Hey, I have a data set with ~1 million nodes and 1 million relations. My goal now is to return all of the data using the neo4j and cypher(QL) but I get a lot of redundancy. My set contains Posts, Authors, Comments and InLinks. The relations are:
- Post ->WRITTEN_BY->Author;
- Comment ->POSTED_ON->Post;
- InLinks ->LINKS->Post.
My cypher is this:
match (p:Posts)-[:WRITTEN_BY]->(author), (c:Comments)-[:POSTED_ON]->(p), (i:InLinks)-[:LINKS]->(p) RETURN p as Post, c as Comment, i as Inlink, author LIMIT 100
and I get an output like:
Post Comment InLink Author
PostID1 CommentID1 InLinkID1 AuthorID1 (for example)
PostID1 CommentID1 InLinkID2 AuthorID1 (for example)
PostID1 CommentID2 InLinkID3 AuthorID1 (for example)
PostID1 CommentID2 InLinkID4 AuthorID1 (for example)
PostID1 CommentID1 InLinkID5 AuthorID1 (for example)
as you can see here, for the same Post and Author but different InLink and Comment I'm getting redundancy aka I'm getting data that is repeating non necessarily.
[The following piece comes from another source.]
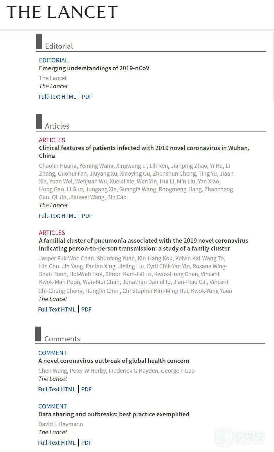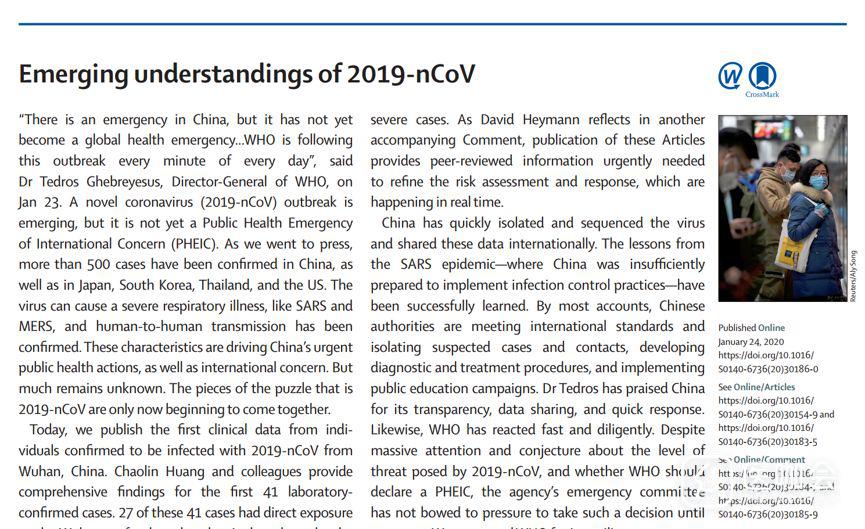 2020年1月24日, Lancet发表了关于新型冠状病毒的系列专题,共包括5篇文章,其中article有2篇,一篇是关于武汉新型冠状病毒感染病人的临床特征,另一篇是关于家族性聚集发病的报道(一个家族6位病人的流行病学、临床、实验室、影像学和微生物学结果);另外3篇是comments和editorial,题目大意是:“新型冠状病毒带来的全球卫生关注”、“数据分享与疾病爆发:最好的实践”、“对2019新型冠状病毒深入了解”。

What I'm trying to achieve is
Post Comment InLink Author
PostID1 CommentID1 InLinkID1 AuthorID1 (for example)
InLinkID2 AuthorID1 (for example)
InLinkID5 AuthorID1 (for example)
-------------------------------------------------------------------------
PostID1 CommentID2 InLinkID3 AuthorID1 (for example)
InLinkID2 AuthorID4 (for example)
Any tips on how to do this?
Thank you